Typically, onshore turbines (most common in Australia) have blades between 40m and 90m long. Tower heights are usually in the range of 150m. Offshore turbines (those situated at sea and common in Europe) are much larger.

Offshore turbines are typically much larger than onshore towers.
Shutterstock

One of the largest wind turbine designs in the world, General Electric’s offshore 12-megawatt Haliade-X, has 107m blades and a total height of 260m. As a comparison, Sydney’s Centrepoint tower is 309m tall.

If the Robbins Island turbines are indeed built to 270m, as reported in the media, they would eclipse General Electric’s behemoths. I cannot speak to the likelihood of this, but I would assume engineers will have to select the best turbine for the prevailing wind conditions and existing infrastructure.

Challenging heights

The quest for bigger and taller turbines comes with its fair share of engineering challenges.

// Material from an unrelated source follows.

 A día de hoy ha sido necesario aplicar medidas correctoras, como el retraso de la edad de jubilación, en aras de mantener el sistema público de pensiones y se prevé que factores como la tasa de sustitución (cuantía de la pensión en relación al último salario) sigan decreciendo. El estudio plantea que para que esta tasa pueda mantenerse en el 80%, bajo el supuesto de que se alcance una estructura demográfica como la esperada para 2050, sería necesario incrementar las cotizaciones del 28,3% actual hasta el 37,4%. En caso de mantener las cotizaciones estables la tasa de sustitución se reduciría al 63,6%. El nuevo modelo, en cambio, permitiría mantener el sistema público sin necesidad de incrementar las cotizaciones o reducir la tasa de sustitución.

Longer blades are more flexible than shorter ones, which can create vibration. If not controlled, this vibration affects performance and reduces the life of the blades and anything they are attached to, such as the gearbox or generator.

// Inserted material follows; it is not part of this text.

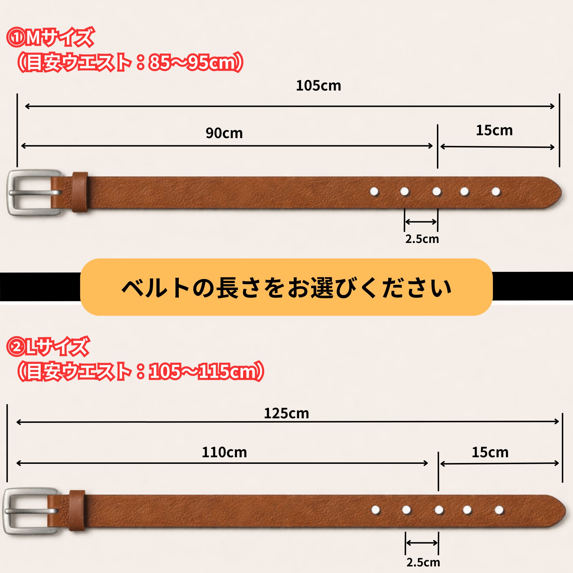 ① Mサイズ:105cm

Materials and manufacturing techniques are constantly being refined to create longer, and longer-lasting, turbine blades.

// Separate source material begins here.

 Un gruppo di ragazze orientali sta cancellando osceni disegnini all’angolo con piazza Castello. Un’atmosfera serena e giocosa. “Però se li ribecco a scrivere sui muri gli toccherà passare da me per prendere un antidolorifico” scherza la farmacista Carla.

The longer the turbine’s blades, the more pressure is put on internal mechanisms.
Shutterstock

Taller turbines generate more power, which puts greater loads on the gearbox and transmission system, requiring mechanical engineers to develop new ways of converting the ever-increasing torque into electrical power. Taller wind turbines also need stronger support towers and foundations. The list of challenges is long.

As turbines grow, so too does the noise they make. The dominant source of noise occurs at the outer edge of the blades. Here, turbulence caused by the blade itself creates a “hissing” sound as it passes over the trailing edge. More noise is created when the blade chops through atmospheric turbulence in the wind as it blows into the tower.

Noise isn’t just a matter of size. If one turbine is placed in the wake of another, the sound of its blades passing through the highly turbulent air created by the upstream turbine will be very loud.

Keeping noise under control requires inventive solutions, such as borrowing ideas from nature: the silent-flying owl uses serrated feathers to control noise and these are now being used to make noisy turbines quieter.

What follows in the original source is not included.